Yesus disebut “Juru Selamat” karena Ia membebaskan manusia dari dosa, yakni segala sesuatu yang merusak relasi: dengan Allah, dengan sesama, dan dengan diri sendiri. Keselamatan yang Ia bawa bersifat relasional. Karena itu, iman Natal tidak cukup dirayakan di altar; ia harus menjelma di meja makan keluarga, dalam percakapan yang jujur, dalam kesediaan saling mengampuni, dan dalam tanggung jawab bersama membesarkan anak-anak dalam nilai Kristiani.
Dalam dunia yang juga dilanda krisis kebangsaan, kekerasan kemanusiaan, kerusakan ekologi, dan degradasi pendidikan, Natal mengingatkan kita pada akar persoalan: manusia yang lebih mengikuti kehendaknya sendiri daripada kehendak Tuhan. Pembaruan besar selalu dimulai dari unit terkecil. Keluarga yang dihidupi oleh kasih Kristus akan melahirkan Gereja yang sehat, masyarakat yang berbelarasa, dan bangsa yang berkeadaban. Seperti dikatakan teolog Karl Rahner, “Masa depan Gereja ditentukan oleh iman yang dihidupi secara konkret.” Dan iman itu pertama-tama dibentuk di rumah.
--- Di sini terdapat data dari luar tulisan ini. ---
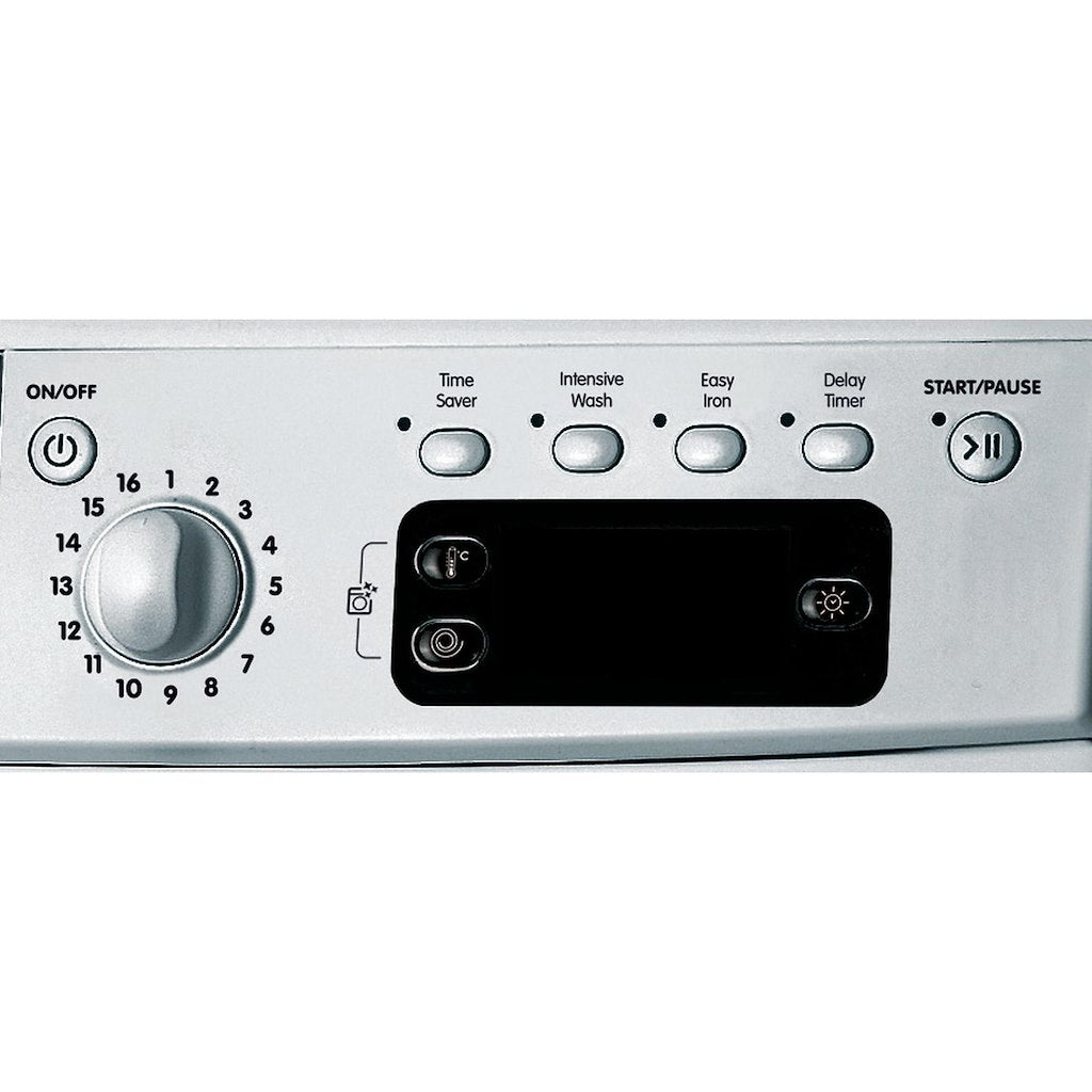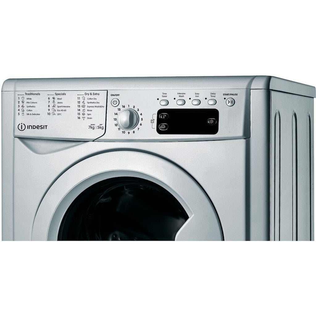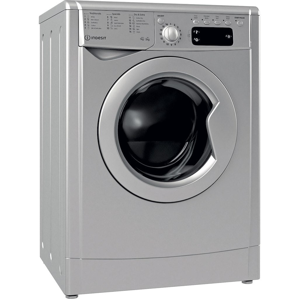 This Indesit freestanding Washer Dryer features: outstanding 7kg washing capacity. Spacious 5kg drying capacity. A fast, resource-efficient 1400 revolutions per minute spin speed. Silver colour.
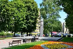 La petite vieille ville, comme la plupart des villes de Poméranie, possède un réseau routier rectangulaire. La rue principale, anciennement Lange Straße, s'appelle désormais Emilii Gierczak. Immédiatement au sud-est, à l'extérieur des murs de la ville du XIIIe siècle, il y a une place de style wilhelminien avec un grand espace vert (polonais : Słowiański, anciennement Wilhelmsplatz). La rue traverse la petite rivière Płonia (pl) 200 mètres plus loin et atteint la gare 100 mètres plus loin[28].
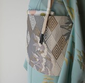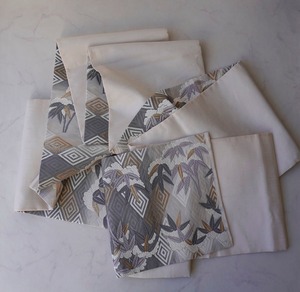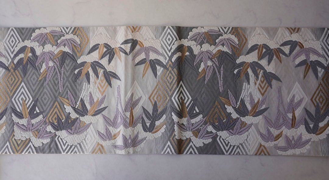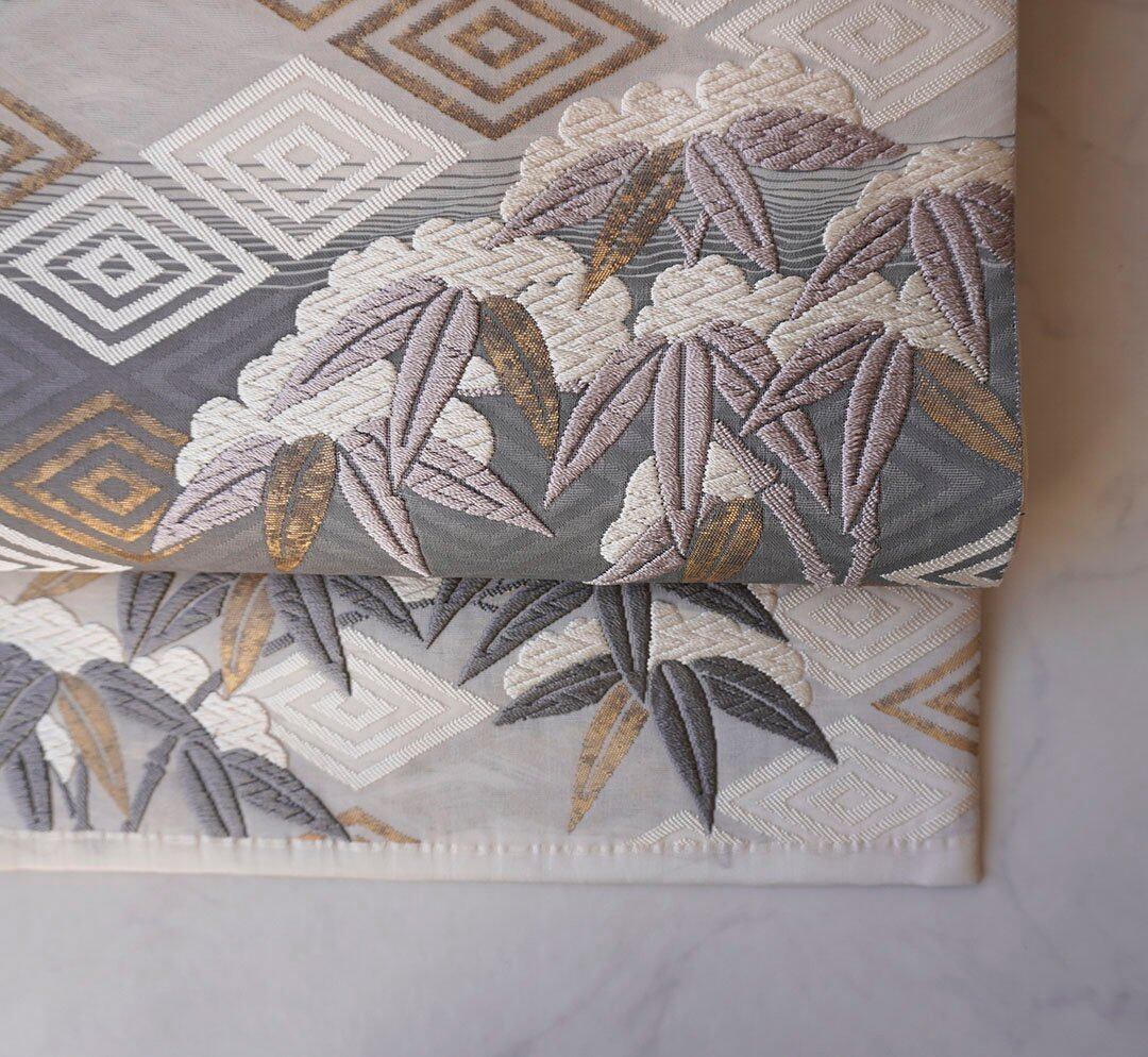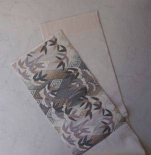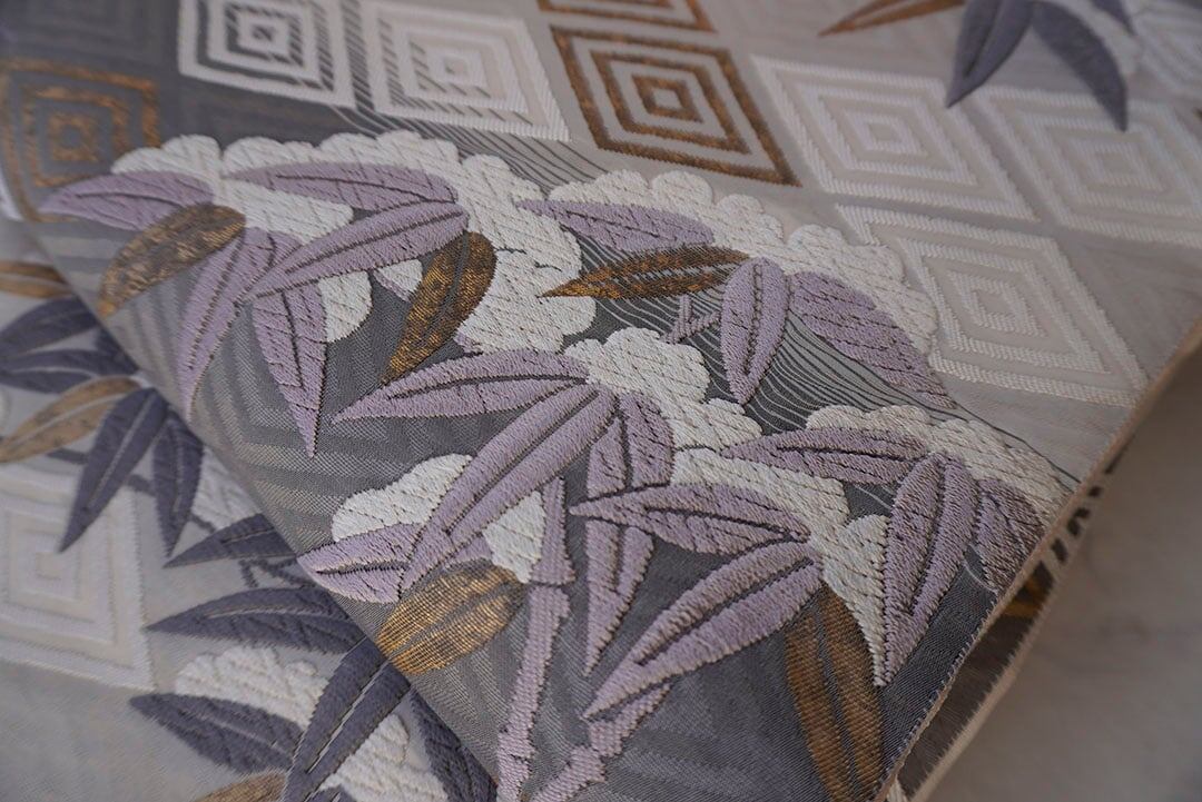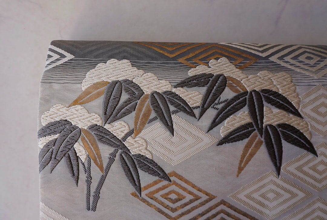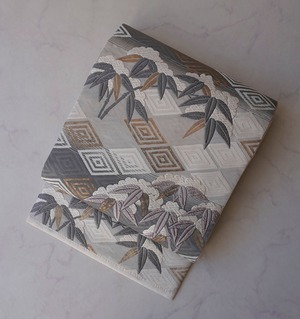 縞柄に雪持ち笹文を配したふくろ帯です。
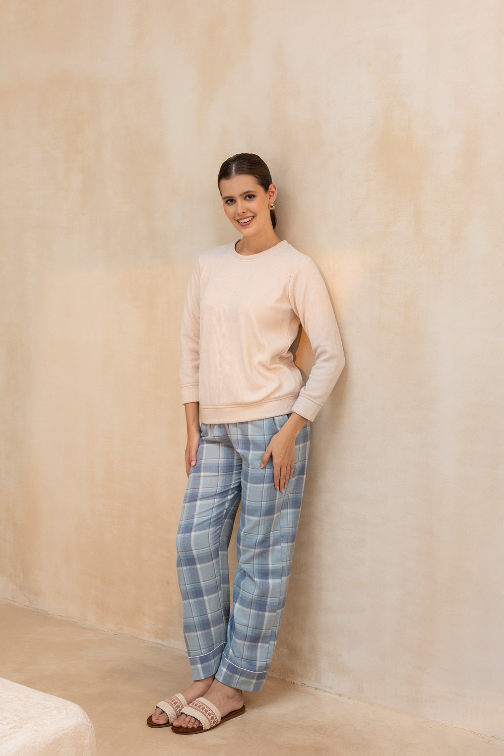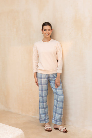 Stay warm and stylish with our Check Flannel Pajama & Velvet Sweatshirt Set. The soft, classic check flannel pajamas pair perfectly with the plush velvet sweatshirt, offering ultimate comfort and a chic look for relaxing at home or cozy winter nights.
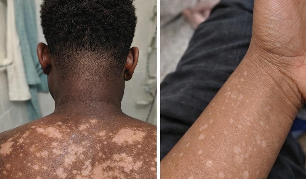 Piccole macchie bianche, spesso descritte come puntini piatti, rotondi o ovali di dimensioni comprese tra 2 e 10 mm, compaiono tipicamente sulle zone esposte al sole come braccia, gambe, spalle e schiena. Sulla pelle più scura, appaiono come chiazze visibilmente più chiare che non si abbronzano in modo uniforme. Questo quadro è spesso associato a una condizione nota come ipomelanosi guttata idiopatica (IGH), talvolta chiamata “macchie solari bianche” o “lentiggini inverse”.
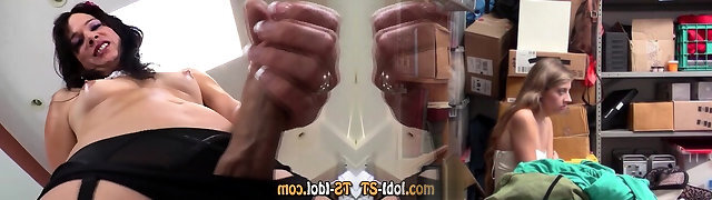 Ts在华丽的内衣wanks她的啄木鸟,直到她吹一个负载
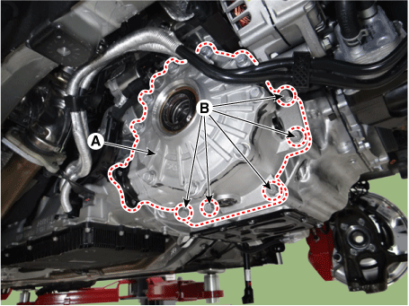 Ослабьте болты переднего дифференциала (В) и снимите передний дифференциал. (А).
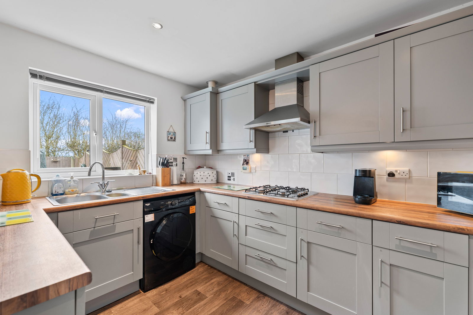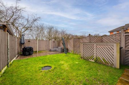 Externally, the property benefits from an ENCLOSED REAR GARDEN BACKING ONTO PLAYING FIELDS, offering additional privacy. To the front is a DRIVEWAY PROVIDING OFF-ROAD PARKING FOR TWO VEHICLES.
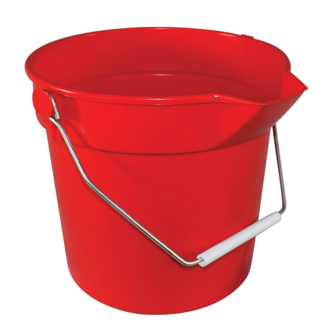 This Deluxe Bucket is great for tackling tough messes. It has a 10 Qt. capacity, and is constructed from high-density polypropylene. It includes molded pour spots, and embossed quart and liter graduations. This bucket also resists acids, alkalies, chemicals, and cleaning compounds for greater versatility. It comes in a red color.
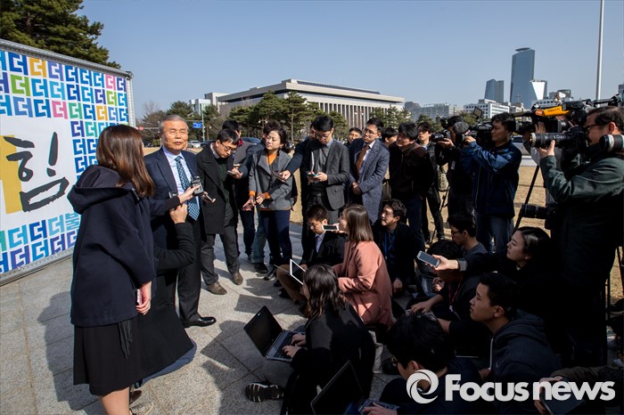 | △ 취재진과 인터뷰하는 김종인 대표 |
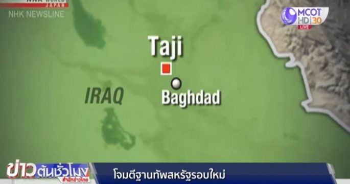 กระทรวงกลาโหมอิรักเผยฐานทัพสหรัฐในเมืองทาจิ ทางตอนเหนือของกรุงแบกแดด ถูกโจมตีด้วยจรวดหลายลูก ทางการอิรักระบุไม่มีผู้เสียชีวิตหรือบาดเจ็บ
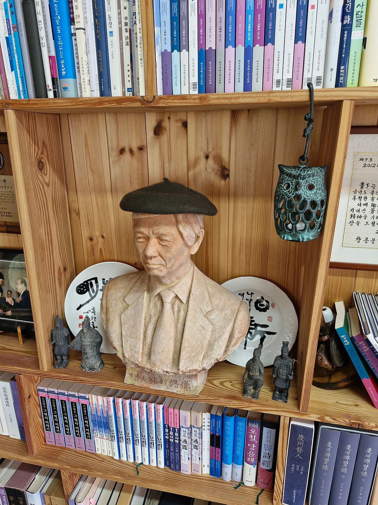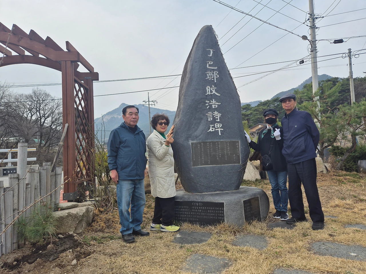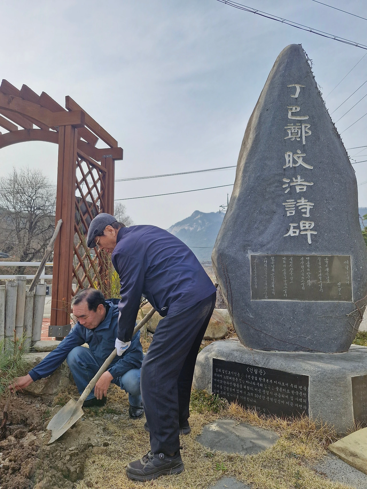 신대원 선생님은 커다란 시비 옆에 가지고 온 소나무 한 그루를 심었다. 옆에서 지켜보시던 원장님의 사위께서 흙을 고르고, 뿌리를 눌러주며, 천천히 흙을 덮는 손길이 정성스럽고 조심스러웠다. 전남원 선생님과 나는 그 작은 소나무 앞에 서서, 소나무가 잘 자라주기를 바라며 기념사진 한 장을 남겼다.

Saudari dan saudara terkasih, malam Natal ini mengundang kita membuka kembali ruang hati dan ruang keluarga bagi Sang Imanuel. Allah telah datang, bukan sebagai tamu sementara, melainkan sebagai Tuhan yang tinggal. Mari kita izinkan Dia menata kembali hidup kita, menyembuhkan relasi, dan menyalakan harapan. Dari palungan yang sederhana itu, Allah sedang membangun dunia baru, dimulai dari keluarga-keluarga yang mau percaya, berharap, dan mengasihi.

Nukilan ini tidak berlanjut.